The problem = Transcribe the listing below word for word but skip its images.

Given information =

══════

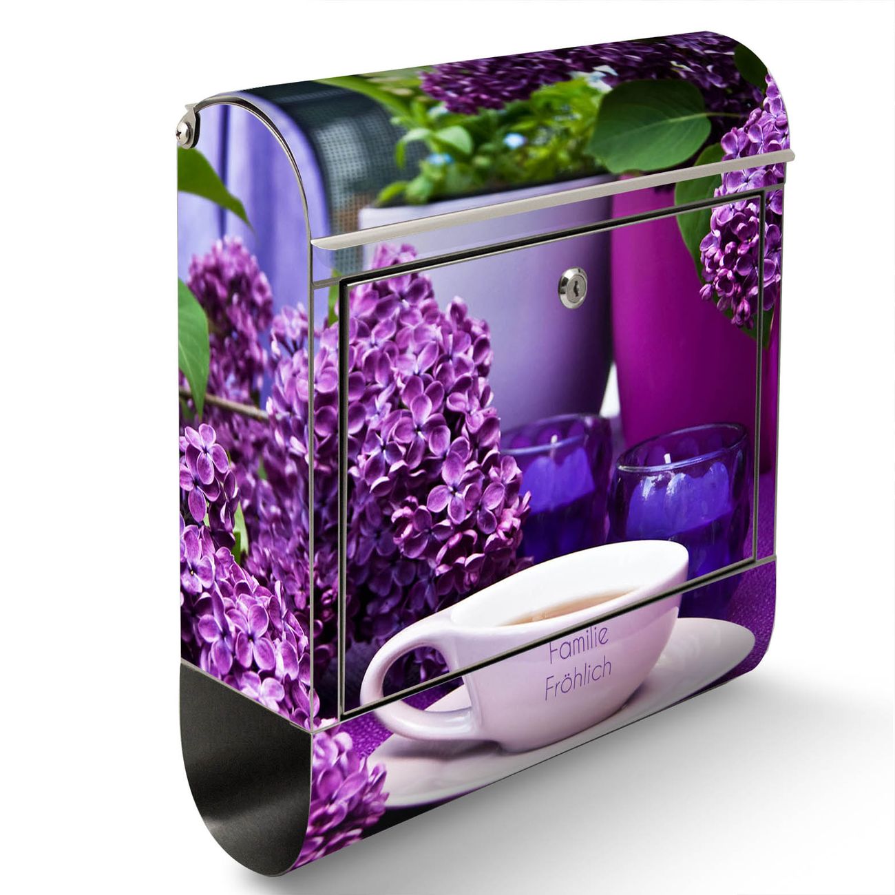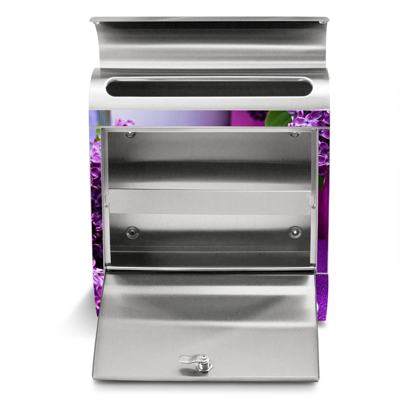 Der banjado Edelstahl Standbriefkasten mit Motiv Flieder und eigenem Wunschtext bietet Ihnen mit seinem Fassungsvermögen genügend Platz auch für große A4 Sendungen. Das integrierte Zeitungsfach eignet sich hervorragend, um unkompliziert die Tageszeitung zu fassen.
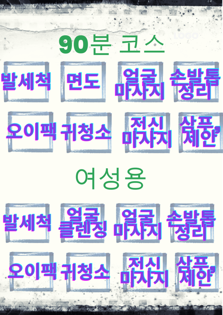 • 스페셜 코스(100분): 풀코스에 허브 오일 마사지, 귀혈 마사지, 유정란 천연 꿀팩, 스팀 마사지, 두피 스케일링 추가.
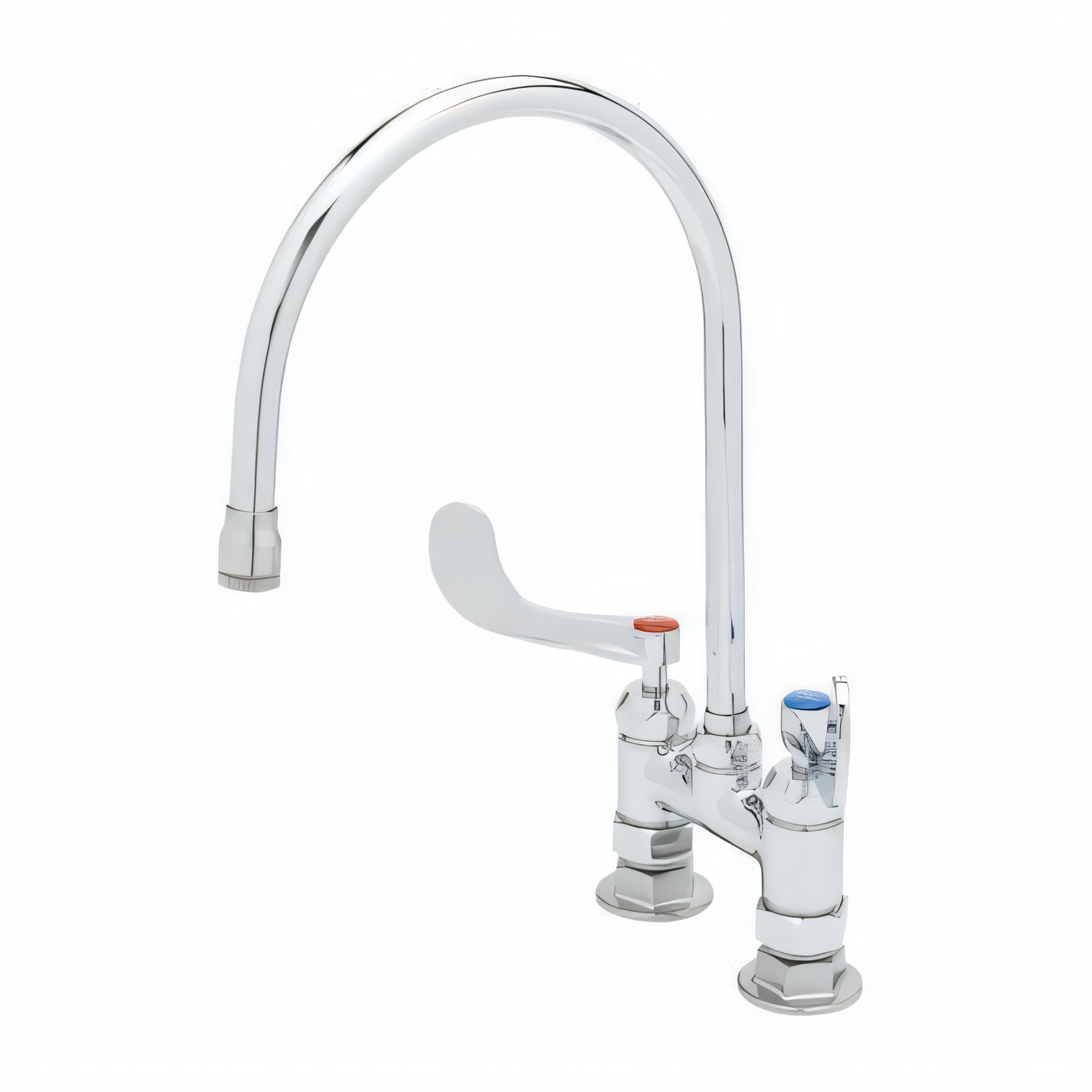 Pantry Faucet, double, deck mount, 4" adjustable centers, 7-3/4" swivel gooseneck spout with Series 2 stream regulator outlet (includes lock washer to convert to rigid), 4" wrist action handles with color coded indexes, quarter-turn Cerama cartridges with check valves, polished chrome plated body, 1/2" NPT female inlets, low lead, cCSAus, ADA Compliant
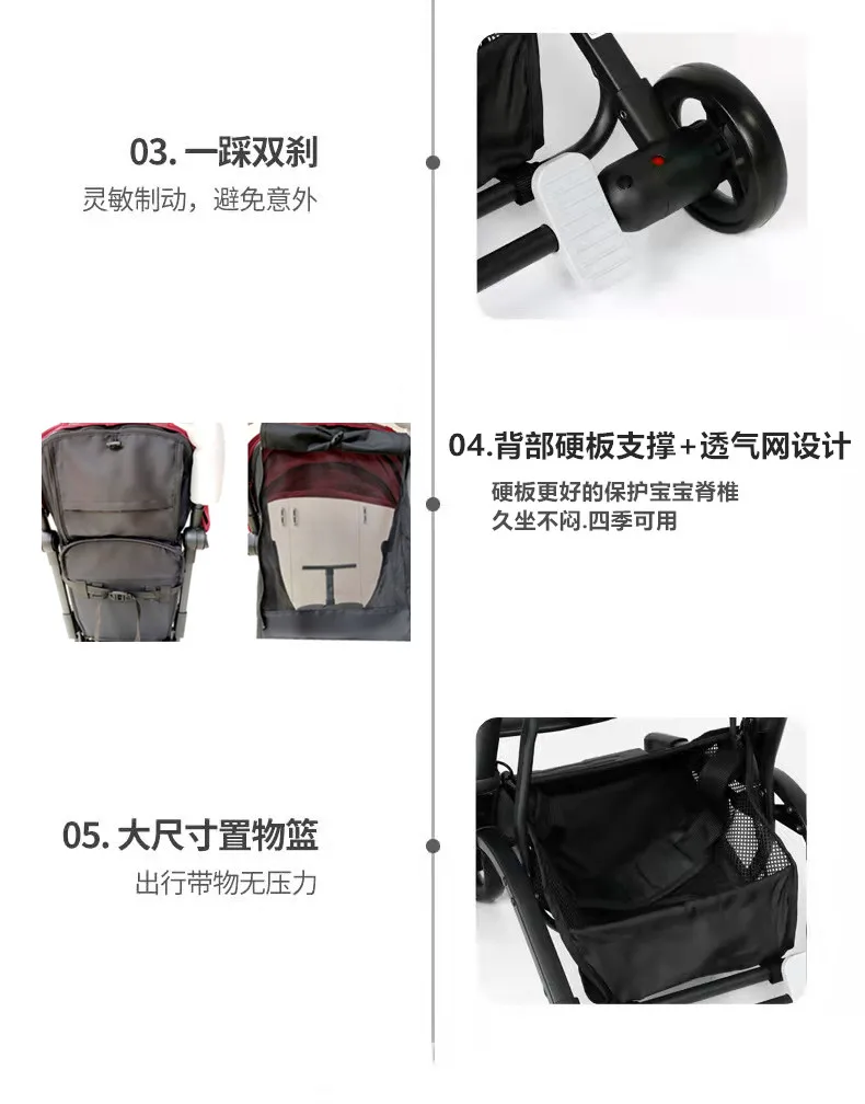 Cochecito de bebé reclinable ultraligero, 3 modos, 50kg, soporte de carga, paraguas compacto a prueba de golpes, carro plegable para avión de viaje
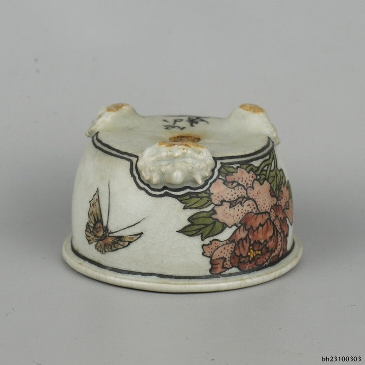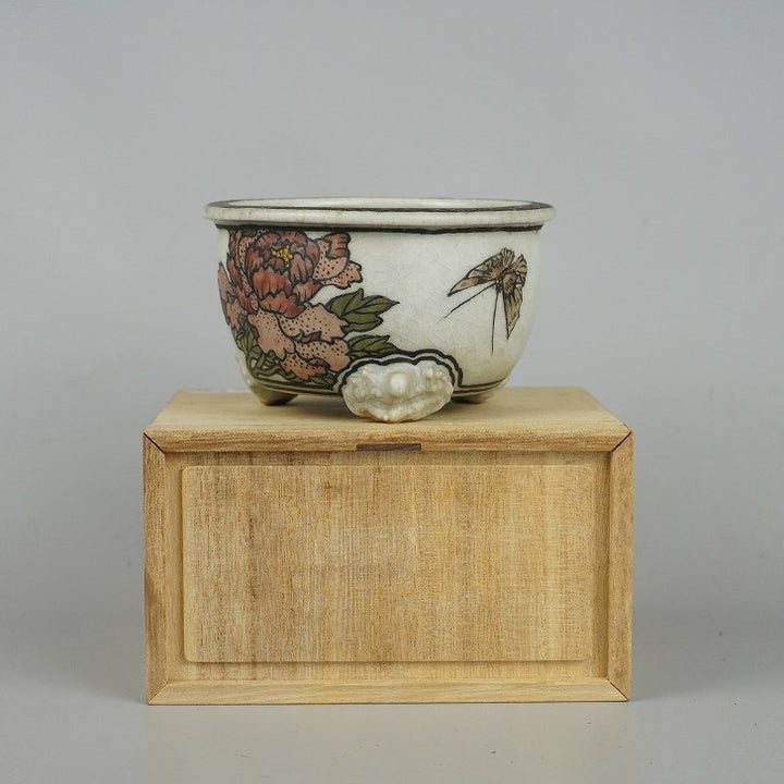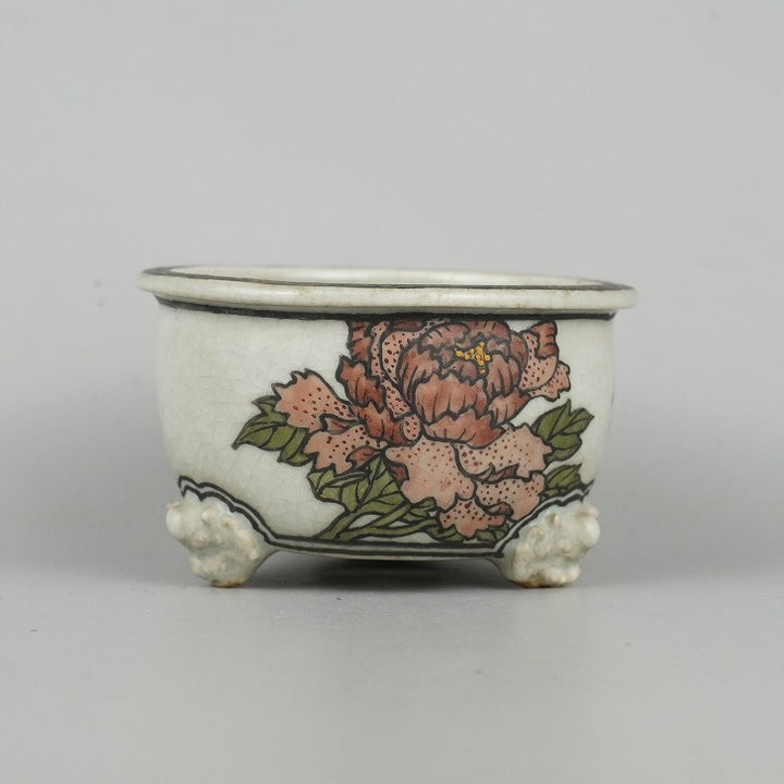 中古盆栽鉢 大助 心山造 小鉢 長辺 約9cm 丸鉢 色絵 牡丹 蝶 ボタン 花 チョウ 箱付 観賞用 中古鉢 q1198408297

══════

Task response =
 Der banjado Edelstahl Standbriefkasten mit Motiv Flieder und eigenem Wunschtext bietet Ihnen mit seinem Fassungsvermögen genügend Platz auch für große A4 Sendungen. Das integrierte Zeitungsfach eignet sich hervorragend, um unkompliziert die Tageszeitung zu fassen.
 • 스페셜 코스(100분): 풀코스에 허브 오일 마사지, 귀혈 마사지, 유정란 천연 꿀팩, 스팀 마사지, 두피 스케일링 추가.
 Pantry Faucet, double, deck mount, 4" adjustable centers, 7-3/4" swivel gooseneck spout with Series 2 stream regulator outlet (includes lock washer to convert to rigid), 4" wrist action handles with color coded indexes, quarter-turn Cerama cartridges with check valves, polished chrome plated body, 1/2" NPT female inlets, low lead, cCSAus, ADA Compliant
 Cochecito de bebé reclinable ultraligero, 3 modos, 50kg, soporte de carga, paraguas compacto a prueba de golpes, carro plegable para avión de viaje
 中古盆栽鉢 大助 心山造 小鉢 長辺 約9cm 丸鉢 色絵 牡丹 蝶 ボタン 花 チョウ 箱付 観賞用 中古鉢 q1198408297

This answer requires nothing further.